Image – Canva.
  • CoreLogic's Tim Lawless recently reviewed how to read a housing market peak
  • Duration and severity is influenced by a range of factors
  • Notably, Perth and Darwin's housing markets are yet to reach previous peaks

Recently, Tim Lawless from CoreLogic highlighted how to read a housing market, especially in terms of where the market peak is.

Often the main sign of a market that has peaked is the monthly declines in growth rates.

Factors that can determine if a market peak will occur includes policy decisions such as interest rates and credit availability, market factor such as affordability and stock levels, along with macroeconomic factors such as wages growth and general labour market conditions.

But, what happens following a market peak? Back to the trough and start again?

It’s more complicated than that.

“Once a market peaks, the typical trend is that values will experience a period of decline,” Mr Lawless said.

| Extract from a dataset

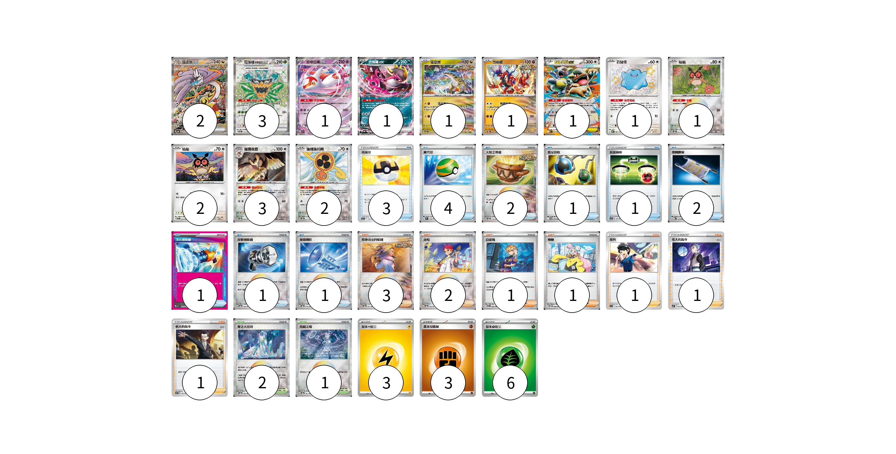 牌組構築方案 以此牌組為基礎新構築牌組 顯示卡面 顯示列表 寶可夢卡(19) 2 3 1 1 1 1 1 1 1 2 3 2 物品卡(16) 3 4 2 1 1 2 1 1 1 支援者卡(10) 3 2 1 1 1 1 1 競技場卡(3) 2 1 能量卡(12) 3 3 6 寶可夢卡(19) 卡牌名稱 張數 卡牌名稱 張數 猛雷鼓ex SV8a 222/187 02 厄鬼椪 碧草面具ex SV6 114/101 03 拉帝亞斯ex SV7a 019/064 01 吉雉雞ex SV8a 104/187 01 猛雷鼓 SV7 075/102 01 故勒頓 SV8 069/106 01 超級袋獸ex M1S 051/063 01 百變怪 SV4a 309/190 01 咕咕 SV8a 127/187 01 咕咕 SV7 076/102 02 貓頭夜鷹 SV8a 128/187 03 旋轉洛托姆 SV8a 131/187 02 物品卡(16) 卡牌名稱 張數 卡牌名稱 張數 高級球 S12a 138/172 03 巢穴球 SVM 133/175 04 大地之容器 SV8a 143/187 02 能量回收 SV11W 079/086 01 能量轉移 SC1D 146/164 01 夜間擔架 MBG 017/022 02 頂尖捕捉器 MBG 014/022 01 反擊捕捉器 SV8a 139/187 01 玻璃喇叭 SV8a 140/187 01 支援者卡(10) 卡牌名稱 張數 卡牌名稱 張數 奧琳博士的氣魄 SV8a 167/187 03 赤松 SV8a 163/187 02 白蕾雅 SV7 100/102 01 奇樹 SVOM 018/021 01 裁判 S11a 063/068 01 老大的指令(赤日) SVB 024/028 01 老大的指令(坂木) SCB 140/156 01 競技場卡(3) 卡牌名稱 張數 卡牌名稱 張數 零之大空洞 SV8a 182/187 02 阻礙之塔 SV8a 181/187 01 能量卡(12) 卡牌名稱 張數 卡牌名稱 張數 基本雷能量 sv-p LIG 03 基本【鬥】能量 SVAM FIG 03 基本草能量 sv-p GRA 06 以此牌組為基礎新構築牌組 牌組編碼 XeTgRo-PLRPln-GrAYFO copy 列印牌組單 牌組編碼已複製 分享至SNS

“The duration and severity of the decline is dependent on a broad range of both macro and micro factors.”

Tim Lawless, CoreLogic

Historic periods of decline to trough, National

periods of decline to torugh
Source: CoreLogic.

Since the late 1980s, downturns have ranged from a 1% peak to trough decline – which occurred amid the first credit tightening via APRA’s 10% limit on lending – to the much more significant 8.4% decline that occurred after further tightening during 2017-19.

Historically, the most severe downturns across the capital cities have occurred after periods of exuberance, most notably the mining boom that ended in the early 2010s, which severely impacted the Perth and Darwin markets.

House prices in Perth fell by 20% over 64 months from a peak in June 2014 to hitting the floor in October 2019.

Darwin fell by even more; 32.7% over the 69 months between May 2014 to February 2020.

However, both downturns were followed by a significant upswing in values, a trend that also occurs on a national scale as evident by the below graph.

Historic periods of decline to recovery, National

periods of decline to recovery
Source: CoreLogic.

Asking property prices yet to peak in Perth and Darwin

However, when analysing weekly asking property prices from SQM Research, it should be noted that neither the Perth or Darwin markets have reached their previous peaks.

In January 2014, asking prices in Perth reached a record $771,283 for houses. As of this month, they are at $712,580 – the highest level since early 2016 yet nowhere near the peak level.

Likewise, asking prices for units is currently just over $400,000 – below the 2013 peak just shy of $470,000.


In Darwin, the housing market peaked far earlier, with weekly asking prices of $728,000 recorded for houses in May 2010.


As of this month, weekly asking house prices are now at $651,972.

After peaking in January 2010 at $537,047, weekly asking prices for units have been on the decline too. After troughing at $307,384 in January 2020, unit prices are still only at $375,508 – far, far below the peak.